Enough time has passed since the ill-fated attempt by Philippine Sen. Antonio Trillanes IV to take over the Manila Peninsula Hotel, to figure out whether it was just a pointless adventure, or a sign of things to come. This isn’t to say that both Trillanes’ objectives and those of the government in nipping his efforts in the bud, don’t remain murky — they do.

Trillanes walked out of a trial, and, unmolested by his guards (who ended up accompanying him) holed up in a luxury hotel and called for the soldiery and the public to withdraw their support from the Arroyo administration.

Whether he genuinely believed people would come out in the streets to answer his call, or whether it was a ploy, with his real objective (and expectation) being that his call would trigger defections in the armed forces, remains a hotly-debated topic.

It’s been argued that Trillanes had an agreement with the Arroyo administration’s former economic planning chief, Romulo Neri, who made the administration’s knees buckle earlier this year by revealing a controversial deal with China had been accompanied by bribe-taking and giving by Filipino officials, including the country’s elections chief (who subsequently resigned).

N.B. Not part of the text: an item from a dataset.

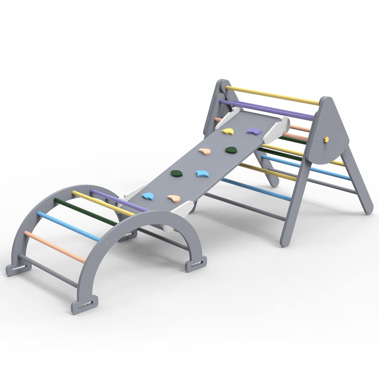 - 【6 in 1 Montessori Climbing Toys Set】- The Montessori climbing toys set come with pikler triangle climber, climbing arch and rock climbing ramp. You can combine the triangle climber and climbing ramp as a usual climbing toy, also can turn the ramp to other side to make a slide. All the parts of this pikler set can combine as a balanced climbing toy. The Montessori climber set provides children with a variety of ways and difficulties of play, give you kids even more opportunities to have fun.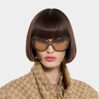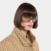 Introducing Spring Summer 2026. Distinctive eyewear shapes are enriched with emblematic signatures that create a fil rouge in the collection. Stated with transparent beige injection frames, these square frame sunglasses reveal a Gucci logo across the temples. - Transparent beige injection frame - Transparent beige injection temples with Gucci logo - Brown lens - 100% UVA/UVB protection - GG2176S - Temple length: 4.5"; Lens height: 2.1"; Nose bridge length: 0.5" - Frame height: 2.3"; Frame width: 5.6"; Hinge to hinge: 5" - Made in Japan - The eyewear case in black is complete with a magnetic closure and GG motif interior.

He stopped short, however, of repeating under oath what he supposedly told confidantes: that President Arroyo, upon being informed of the bribery, had told him to ignore it and then pressured Neri to approve the deal as she was due to go to China to sign it.

Trillanes, according to this version of events, was expecting Neri to join him in the hotel and finally state what he’d so far refused to say in public. The motivation for Neri being that he resisted pressure to make his revelations before the Senate, because he didn’t want the government brought down, only for it land in the laps of opposition politicians.

But if that was truly the case, Neri did to Trillanes what he did to those who’d counted on his telling all before the Senate: he betrayed those expecting him to spill the beans.

Instead, it seemed for a time that what would happen is that Trillanes’ brains would end up splattered on the walls of the hotel. However, defiance on the part of members of the Philippine media meant the government’s police forces were unable to move with impunity. It was, however a pyrrhic victory for the media, even if it assumed it had not only asserted press freedom, but prevented a bloodbath. Public opinion firmly condemned the uncooperative media. Just as public opinion was generally hostile to Trillanes, and provoked serious disagreements on his conduct even within opposition circles.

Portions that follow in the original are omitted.